This was a surprisingly quick image. For decades I've wanted to do an image of the MacArthur and Lenin dropping into Murcheson's Eye from "The Mote In God's Eye". So here it is.... at least a quick "version 1.0". They may have had their Alderson Drive Fields up during this whole leg of the journey - I don't recall - but if they did, I claim artistic license as this is more fun to look at that two pitch black watermelons in space.
MacArthur mode by Paul Lloyd with optimization by Atra-Hasis. The "Lenin" is actually Bazze's ramjet, flipped on its back, squished in the z-axis and stretched in the x-axis (oh man, I just destroyed the magic again...). 2D-3D composite with Photoshop custom background.

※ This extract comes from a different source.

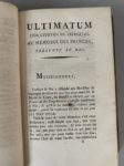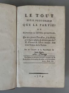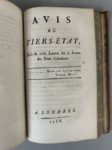 1. TOUT (LE) est-il plus grand que la partie ? ou Que doit faire le Tiers Etat si les ordres privilégiés refusent de délibérer par tête ?... par un Citoyen de la République de Saint-Marin. S.l., s.n., 1789. [2] f., 40 p. - 2. [LE TELLIER ?]. La première aux grands. S.l., s.n., v. 1789. 43 p. - 3. ULTIMATUM d'un citoyen du Tiers-État au Mémoire des princes, présenté au roi. Seconde édition ; suivie du Fin mot d'un Marseillois. S.l., s.n., 1789. [1] f., 74 p., [1] f. (titre bruni, saliss. en marge de la dernière p.). - 4. [SERVAN (J.-M.-A.)]. Commentaire roturier, sur le noble Discours adressé à monseigneur le prince de Conti, à Monsieur, frère du roi, dans l'assemblée des notables, le 1788. A Paris, & se distribue gratis à l'Hôtel de Conti, 1789. 32 p. - 5. [MORELLET (André)]. Projet de réponse à un écrit répandu sous le titre de Mémoire des princes. S.l., s.n., [1788]. 51 p. - 6. SERVAN (J.-M.-A.). Adresse aux amis de la paix. S.l., s.n., 1789. 80 p. - 7. [RABAUT SAINT-ÉTIENNE]. Considérations sur les intérêts du Tiers-État, adressées au peuple des provinces, par un propriétaire foncier. S.l., s.n., 1788. 107. - 8. [BAUVEAU (C.-L.-V. de)]. Avis au Tiers-État, suivi de trois Lettres sur la forme des États-Généraux. A Londres, s.n., 1788. [1] f., 77 p. - 9. PLAINTES, Doléances, remontrances et voeu de N. Bourgeois de Paris. S.l., s.n., [1789]. 77 p. - 10. [BERGASSE (Nicolas)]. Observations sur le préjugé de la noblesse héréditaire. Londres, s.n., 1789. VI-62 p.

DAZ Studio render.
From "Building the Mote in God's Eye" by Larry Niven and Jerry Pournelle, collected in "N-Space" and "A Step Farther Out":
Long ago we acquired a commercial model called “The Explorer Ship Leif Ericsson,” a plastic spaceship of intriguing design. It is shaped something like a flattened pint whiskey bottle with a long neck. The “Leif Ericsson,” alas, was killed by general lack of interest in spacecraft by model buyers; a ghost of it is still marketed in hideous glow-in-the-dark color as some kind of flying saucer.
It’s often easier to take a detailed construct and work within its limits than it is to have too much flexibility. For fun we tried to make the Leif Ericsson work as a model for an Empire naval vessel. The exercise proved instructive.
First, the model is of a big ship, and is of the wrong shape ever to be carried aboard another vessel. Second, it had fins, only useful for atmosphere flight: what purpose would be served in having atmosphere capabilities on a large ship?
This dictated the class of ship: it must be a cruiser or battlecruiser. Battleships and dreadnaughts wouldn’t ever land, and would be cylindrical or spherical to reduce surface area. Our ship was too large to be a destroyer (an expendable ship almost never employed on missions except as part of a flotilla). Cruisers and battlecruisers can be sent on independent missions.
MacArthur, a General Class Battlecruiser, began to emerge. She can enter atmosphere, but rarely does so, except when long independent assignments force her to seek fuel on her own. She can do this in either of two ways: go to a supply source, or fly into the hydrogen-rich atmosphere of a gas giant and scoop. There were scoops on the model, as it happens.
She has a large pair of doors in her hull, and a spacious compartment inside: obviously a hangar deck for carrying auxiliary craft. Hangar deck is also the only large compartment in her, and therefore would be the normal place of assembly for the crew when she isn’t under battle conditions.
The tower on the model looked useless, and was almost ignored, until it occurred to us that on long missions not under acceleration it would be useful to have a high-gravity area. The ship is a bit thin to have much gravity in the “neck” without spinning her far more rapidly than you’d like; but with the tower, the forward area gets normal gravity without excessive spin rates.
And on, and so forth. In the novel, Lenin was designed from scratch; and of course we did have to make some modifications in Leif Ericsson before she could become INSS MacArthur; but it’s surprising just how much detail you can work up through having to live with the limits of a model.